At last week’s conference, Bellmunt presented updated findings through October 2017, giving a median follow-up period of almost 28 months. At this point, no patients remained on treatment.

Overall survival rates at 12 months were 44.4 percent in the Keytruda group and 29.8 percent in the chemotherapy group; at 24 months, the rates were 27.0 percent and 14.3 percent, respectively. At 28 months, the median survival time was 10.3 months with Keytruda versus 7.3 months with chemotherapy, a significant difference. The risk of death was 30 percent lower in the Keytruda group.

Progression-free survival was slightly lower in the Keytruda group compared with the chemotherapy group (2.1 months versus 3.3 months), but the difference did not reach statistical significance, meaning it could have been attributable to chance.

However, response rates did favor immunotherapy. Overall response rates—meaning partial or complete tumor shrinkage—were 21.1 percent in the Keytruda group versus 11.0 percent in the chemotherapy group. Complete response rates were 9.3 percent and 2.9 percent, respectively. The median duration of response was 4.4 months in the chemotherapy group but was not reached in the Keytruda group because a majority of patients were still responding.

Overall survival was actually shorter for Keytruda recipients with higher levels of PD-L1 (the binding partner of PD-1) on their tumor cells and tumor-infiltrating immune cells—8.0 months versus 10.8 months for those with PD-L1 expression above and below 10 percent, respectively. Overall response rates were similar, 20.3 percent versus 19.9 percent, providing further evidence that PD-L1 expression is not a good predictor of treatment response. Those with higher PD-L1 levels did appear to have a longer duration of response, however.

Adverse events were more common in the chemotherapy group. Fatigue, nausea, loss of appetite, constipation, anemia, neutropenia and peripheral neuropathy were all substantially more likely with chemotherapy. More than 35 percent of chemotherapy recipients had hair loss compared with none of the Keytruda recipients. Itching and immune-related side effects such as hypothyroidism and lung inflammation occurred more often in the Keytruda group.

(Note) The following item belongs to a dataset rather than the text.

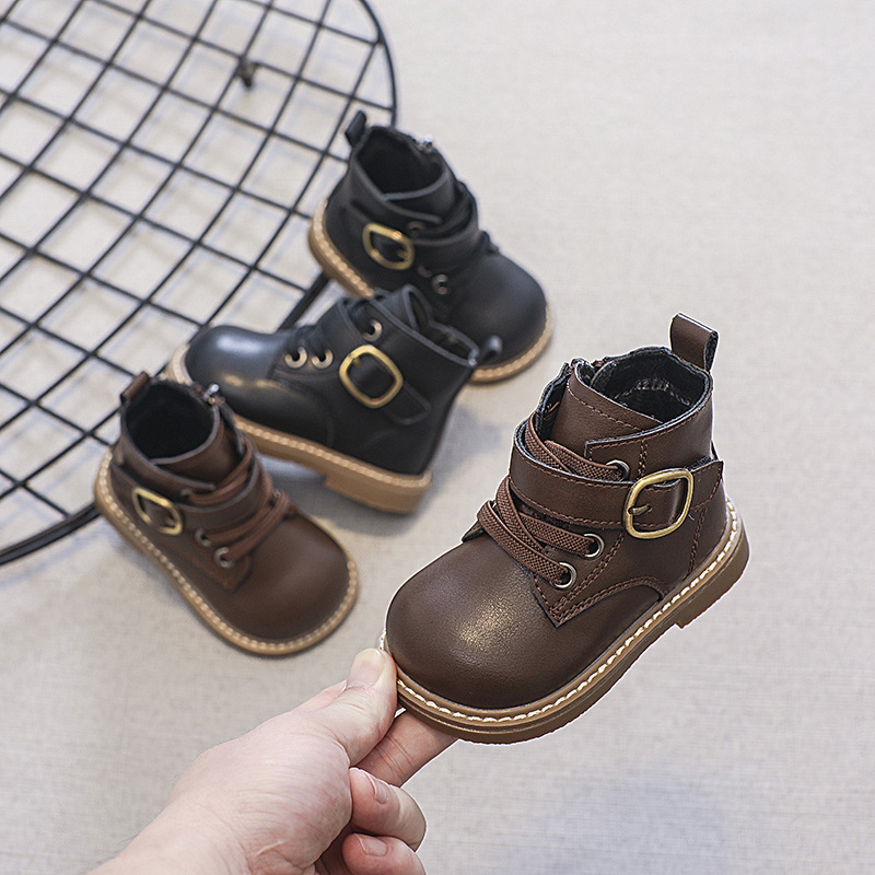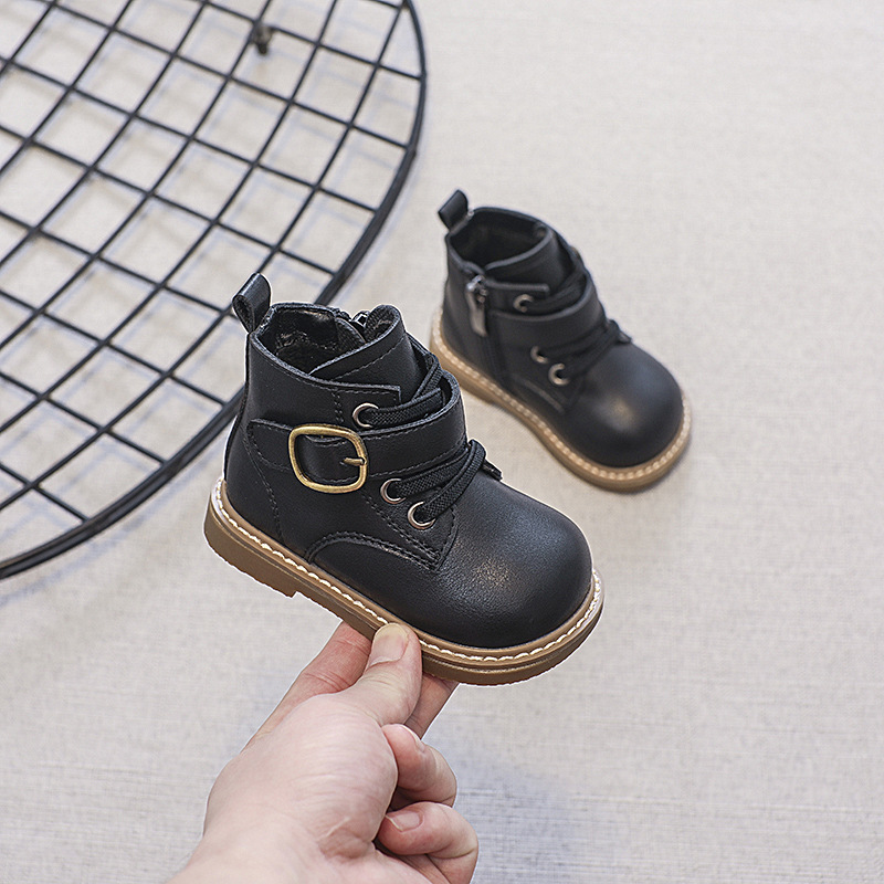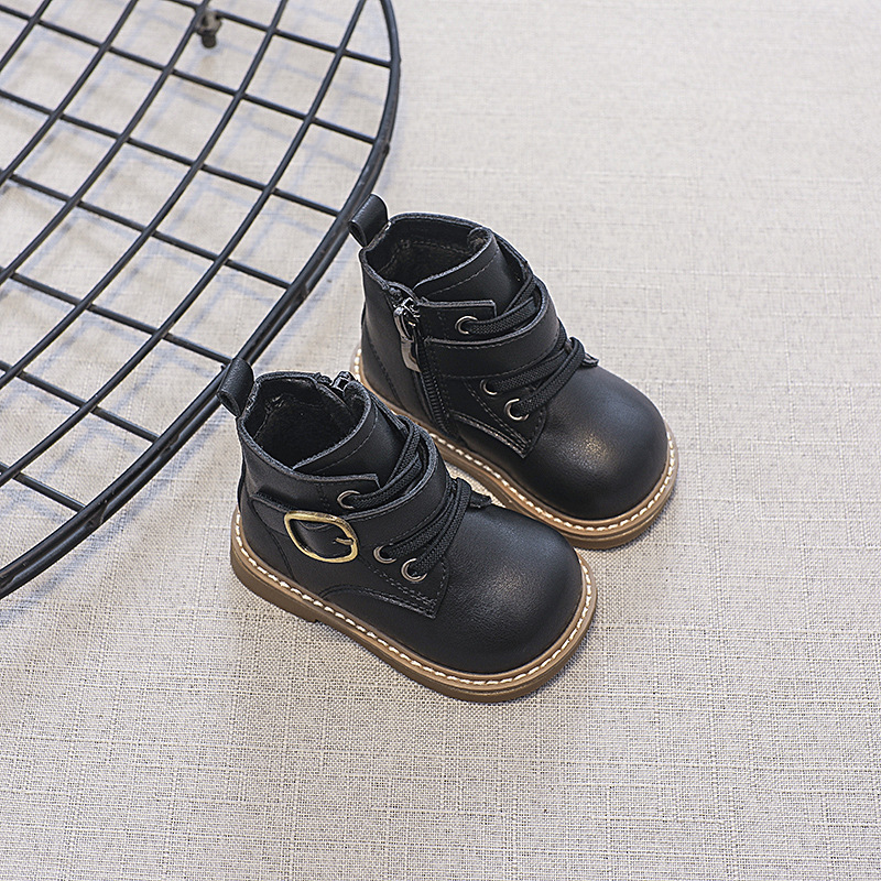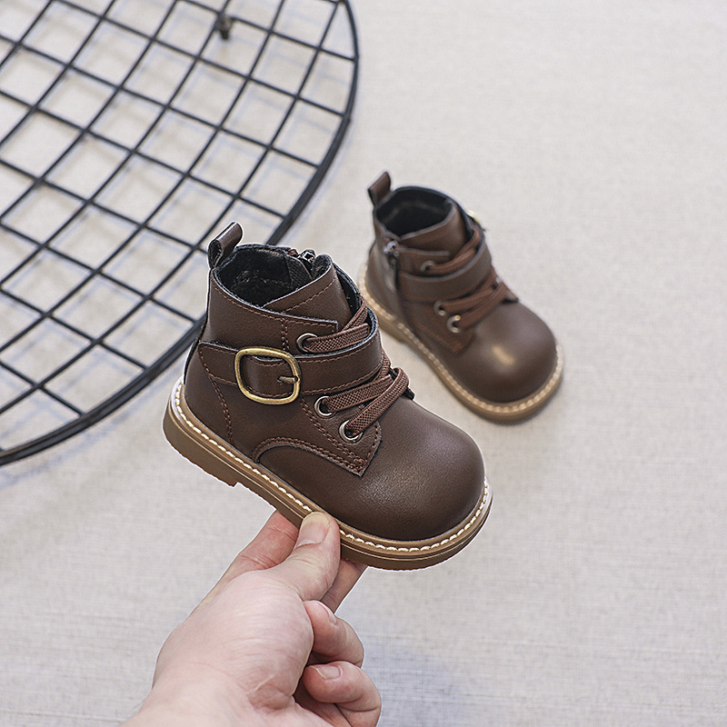 겨울 아기 마틴 부츠 레트로 영국 스타일 여성 부츠 기모 따뜻한 소년의 금속 사이드 지퍼 가죽 부츠스토어 가기

Bellmunt concluded that these long-term results show that this immunotherapy was superior to chemotherapy in terms of overall survival and safety, providing Level 1 evidence—the most persuasive kind—for making Keytruda the standard of care for recurrent urothelial cancer.

Commenting on the findings, Robert Jones, MD, PhD, of the University of Glasgow concluded that checkpoint inhibitors like Keytruda have role for many patients with advanced urothelial cancer, but they are often ineffective. As seen in long-term melanoma results, it appears there may be a long “tail” with immunotherapy for bladder cancer, meaning a portion of responders will continue to respond indefinitely, but longer follow-up is needed, Jones said.